Firstly, In the 2014 joint statement, both sides set out stronger targets for reducing emissions than before, directly influencing the international negotiations on climate change. But the statement issued last week only said that “both countries intend to develop by COP 26 in Glasgow their respective long-term strategies aimed at net-zero GHG emissions/carbon neutrality.”
While Washington sees the possible friction with China on climate change affairs through the geopolitical prism of China challenging U.S. leadership, your host would like to offer another potential viewpoint for his readers: instead of challenging U.S. leadership in solving a global crisis, Beijing is challenging Washington to take more concrete measures to prove its restored commitment to climate change.
In a recent interview with AP, Chinese Vice Minister Le Yucheng said as follows:
“Under the Trump administration, the U.S. withdrew from the Paris Agreement, which caused serious disruptions to international climate efforts. Now that President Biden has announced the U.S. return, we welcome that. Since the United States has come back, it shall stay and redouble its efforts to make up for the time lost during its absence. We expect the United States to do more on climate change. ”

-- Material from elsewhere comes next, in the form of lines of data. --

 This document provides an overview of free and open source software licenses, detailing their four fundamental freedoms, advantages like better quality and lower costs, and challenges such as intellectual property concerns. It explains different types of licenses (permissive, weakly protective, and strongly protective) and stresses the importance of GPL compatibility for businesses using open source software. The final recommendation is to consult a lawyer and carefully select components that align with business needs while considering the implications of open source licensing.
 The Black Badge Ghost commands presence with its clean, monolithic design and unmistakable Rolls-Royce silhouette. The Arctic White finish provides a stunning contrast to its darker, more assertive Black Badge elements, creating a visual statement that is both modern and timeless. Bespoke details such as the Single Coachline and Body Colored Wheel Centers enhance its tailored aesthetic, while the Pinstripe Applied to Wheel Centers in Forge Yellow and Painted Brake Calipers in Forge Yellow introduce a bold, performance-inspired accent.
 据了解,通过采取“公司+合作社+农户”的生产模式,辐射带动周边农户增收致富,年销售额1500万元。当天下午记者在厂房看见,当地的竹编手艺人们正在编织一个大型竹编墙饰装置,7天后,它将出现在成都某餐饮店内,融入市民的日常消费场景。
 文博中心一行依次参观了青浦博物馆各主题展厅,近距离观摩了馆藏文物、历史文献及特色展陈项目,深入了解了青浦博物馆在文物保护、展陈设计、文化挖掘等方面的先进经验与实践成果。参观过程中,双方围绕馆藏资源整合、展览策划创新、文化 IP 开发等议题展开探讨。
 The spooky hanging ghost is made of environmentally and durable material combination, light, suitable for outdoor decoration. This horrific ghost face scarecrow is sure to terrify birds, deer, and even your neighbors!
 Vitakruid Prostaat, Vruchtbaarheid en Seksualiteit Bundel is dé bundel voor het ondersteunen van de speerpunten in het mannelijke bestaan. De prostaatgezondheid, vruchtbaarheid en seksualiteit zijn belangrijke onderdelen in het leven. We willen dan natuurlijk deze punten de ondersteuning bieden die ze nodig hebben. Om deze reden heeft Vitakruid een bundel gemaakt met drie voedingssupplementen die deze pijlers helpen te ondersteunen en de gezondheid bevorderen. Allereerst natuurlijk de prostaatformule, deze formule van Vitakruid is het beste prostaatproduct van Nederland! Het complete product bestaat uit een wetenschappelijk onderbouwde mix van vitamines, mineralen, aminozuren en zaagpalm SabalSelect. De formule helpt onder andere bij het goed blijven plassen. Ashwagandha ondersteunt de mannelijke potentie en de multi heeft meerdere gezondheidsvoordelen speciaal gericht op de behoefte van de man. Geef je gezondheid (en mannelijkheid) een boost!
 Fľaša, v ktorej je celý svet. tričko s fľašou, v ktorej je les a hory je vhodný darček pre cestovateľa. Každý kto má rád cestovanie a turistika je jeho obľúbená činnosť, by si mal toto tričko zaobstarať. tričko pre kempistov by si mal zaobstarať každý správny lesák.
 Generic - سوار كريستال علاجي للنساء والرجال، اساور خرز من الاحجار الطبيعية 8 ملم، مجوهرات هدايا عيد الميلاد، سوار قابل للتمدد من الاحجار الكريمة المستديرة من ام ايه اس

When pushed by the AP reporter what would China like to see the United States redoubling its efforts in climate cooperation because of the time lost after Trump withdrew from the Paris accord, Le answered as follows:
“The United States could at least do one thing, that is to provide more technological and financial support to help upgrade the energy structure in developing countries. Lead by example, instead of blaming and scapegoating China.”

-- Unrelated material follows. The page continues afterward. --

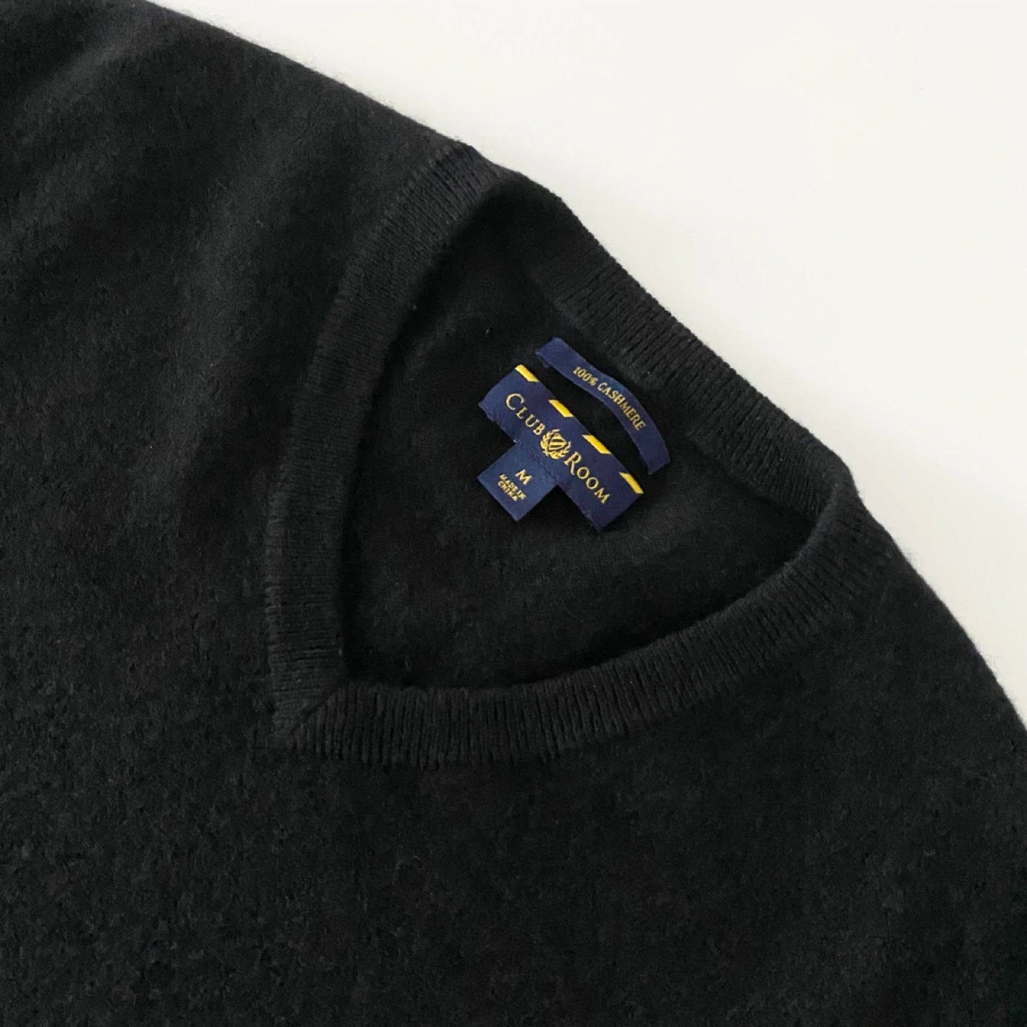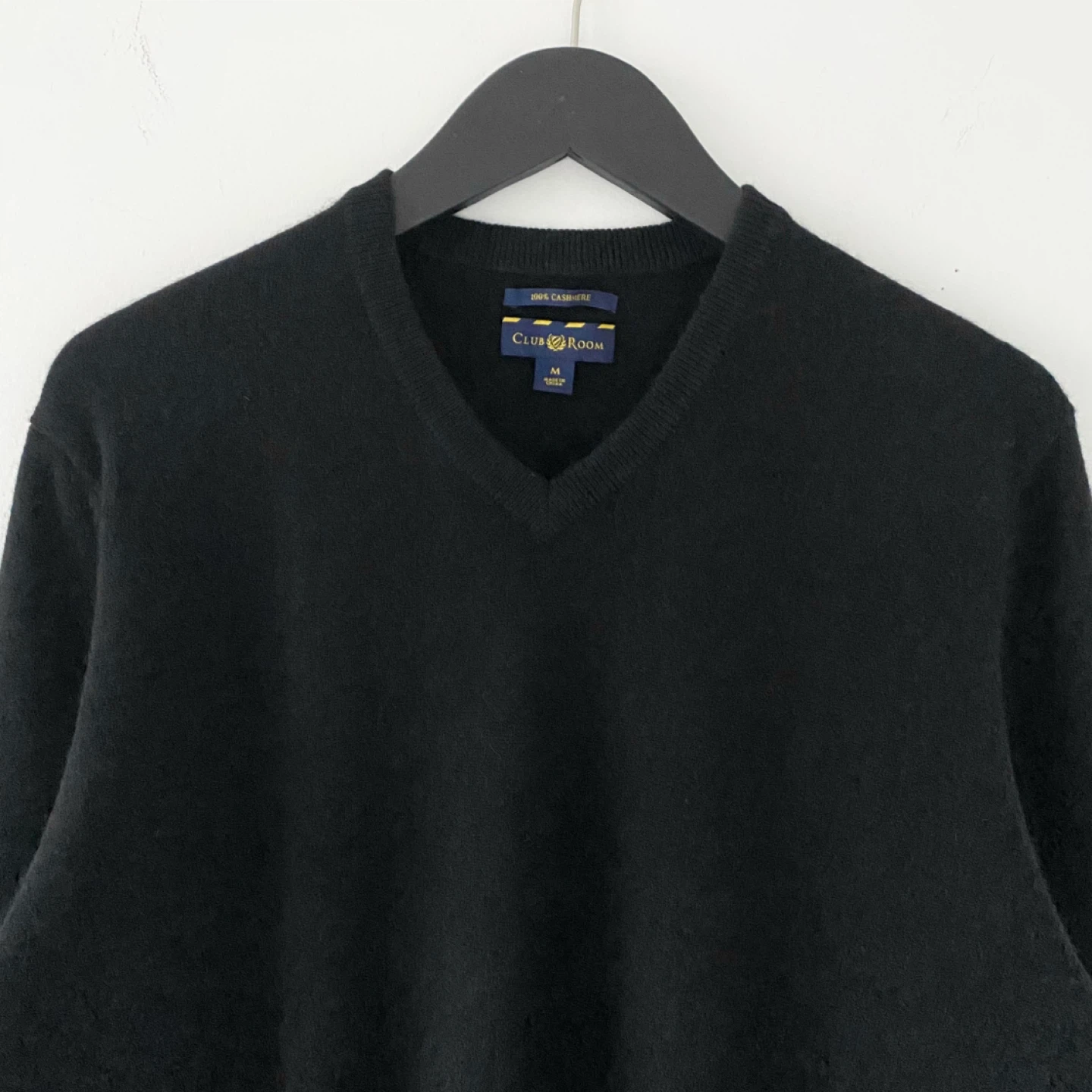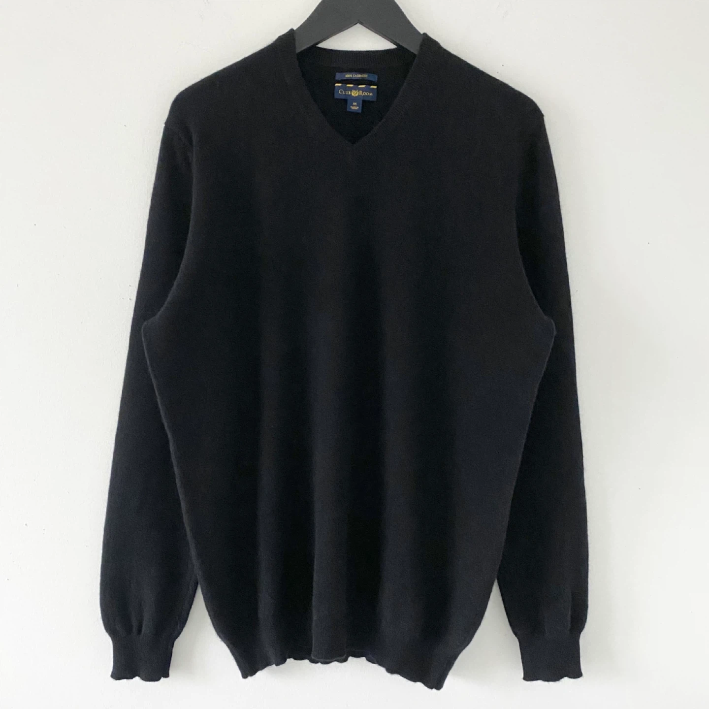 Club Room classic v-neck sweater. Made of lightweight 100% cashmere in rich black. It's soft, cozy and luxe. I don't find it itchy but it's subjective. There's no staining, pilling or damage. It's clean and in excellent condition.

Secondly, the 2014 China-U.S. joint statement on climate change emphasized the two countries’ joint efforts to advance global negotiations; This time, the emphasis is on solving problems within the framework of the Paris Agreement and increasing multilateral cooperation.
Despite the Trump administration’s relentless assaults on the multilateral mechanism, ironically speaking, it had instead raised the global consensus on upholding multilateral cooperation. Also, governments around the world, including Beijing, have witnessed how partisan division on such policies as climate change can turn the incumbent U.S. administration against its predecessor. Given the capricious nature of U.S. policy on climate change, it is reasonable to expect China to seek multilateral channels, including talks with European governments, to promote the climate change cause.
Thirdly, while the 2014 joint statement put forward many specific cooperation measures, especially increasing cooperation in energy and energy-saving technologies, this time, no specific measures have been taken.
Fourthly, unlike Washington who did lag behind in climate change under the Trump administration, Beijing has remained proactive and ambitious in recent years in its campaign to tackle climate change.
In his speech at the United Nations Summit on Biodiversity last September, Chinese President Xi surprised the world by announcing that China “ will adopt even more forceful policies and measures and strive to peak carbon dioxide emissions before 2030 and achieve carbon neutrality before 2060.”
Again in December last year, in his speech at Climate Ambition Summit, Xi articulated detailed steps to achieve peak carbon dioxide emissions before 2030 and achieve carbon neutrality before 2060.
According to him, China will lower its carbon dioxide emissions per unit of GDP by over 65 percent from the 2005 level, increase the share of non-fossil fuels in primary energy consumption to around 25 percent, increase the forest stock volume by 6 billion cubic meters from the 2005 level, and bring its total installed capacity of wind and solar power to over 1.2 billion kilowatts.